Our findings of higher risks of caesarean delivery and premature birth are consistent with the findings of the population-based Californian studies of pregnancy-associated cancer.9
Similar results have also been reported from cancer registry studies on breast, cervical and colorectal cancers, independently.7,10,11
These studies had methodological limitations, however. The Californian studies have assessed pregnancy outcomes solely based on hospitalisation records, in which gestational age and perinatal death are poorly ascertained. Consequently, size at birth was defined by birthweight, which does not differentiate size and maturity. Other limitations included restriction to a specific cancer type, resulting in small sample sizes, and no adjustment for socio-economic status and maternal clinical conditions (hypertensive disorders and diabetes) in assessing pregnancy outcomes.

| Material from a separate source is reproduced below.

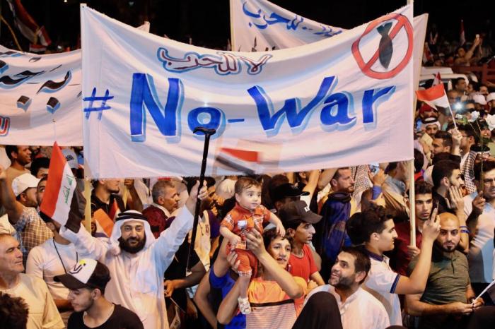 2019年5月24日,在伊拉克首都巴格達,民眾在集會上舉著反戰(zhàn)橫幅。新華社發(fā)(哈利勒·達伍德攝)
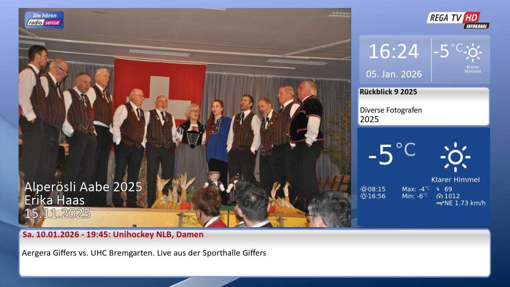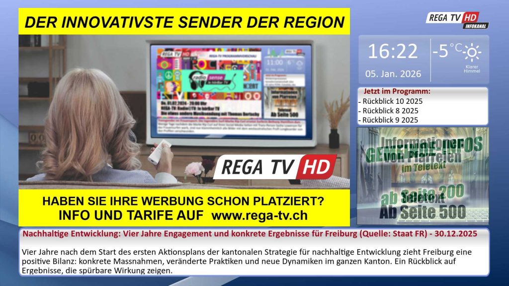 Während andere TV-Sender ihre Sendezeit mit endlosen Shopping-Formaten füllen, bietet REGA-TV seinen Zuschauerinnen und Zuschauern ein umfassendes Informationsangebot aus der Region. Der REGA-TV Infokanal ist in dieser Form einzigartig: eine sorgfältig kuratierte Mischung aus über 100 aktuellen Fotos pro Woche, tagesaktuellen Nachrichten, Wetterinformationen, einer Wochenvorschau, Webcams aus der Schweiz sowie dezent und wirkungsvoll platzierter Werbung.

The strength of our study is the population-based incidence and outcomes of cancer associated with pregnancy derived from large, validated and contemporary data sources. Importantly, there is a complete registration of cancers and births in statutory data collections in NSW. The linkage to cancer registry dating back to 1972 provided the opportunity to assess history of cancer as a risk factor for pregnancy-associated cancer. However, several limitations of our study warrant consideration. First, as early pregnancy loss (miscarriage or abortion) was not registered in the birth data, the number of pregnancy-associated cancers will be somewhat underestimated, and the average gestational age at diagnosis will be over-estimated. Second, we could not examine cancer treatment, as chemotherapy and radiotherapy are primarily provided in outpatient clinics, and are under-ascertained in the hospitalisation records.39
Third, history of smoking, alcohol consumption and maternal obesity were not available to provide adjustment for the potential confounding of pregnancy outcomes. Finally, the exact date of cancer diagnosis was not available (month and year only), so the uncertainty between the timing of diagnosis and birth or subsequent adverse outcomes may be as much as 4 weeks.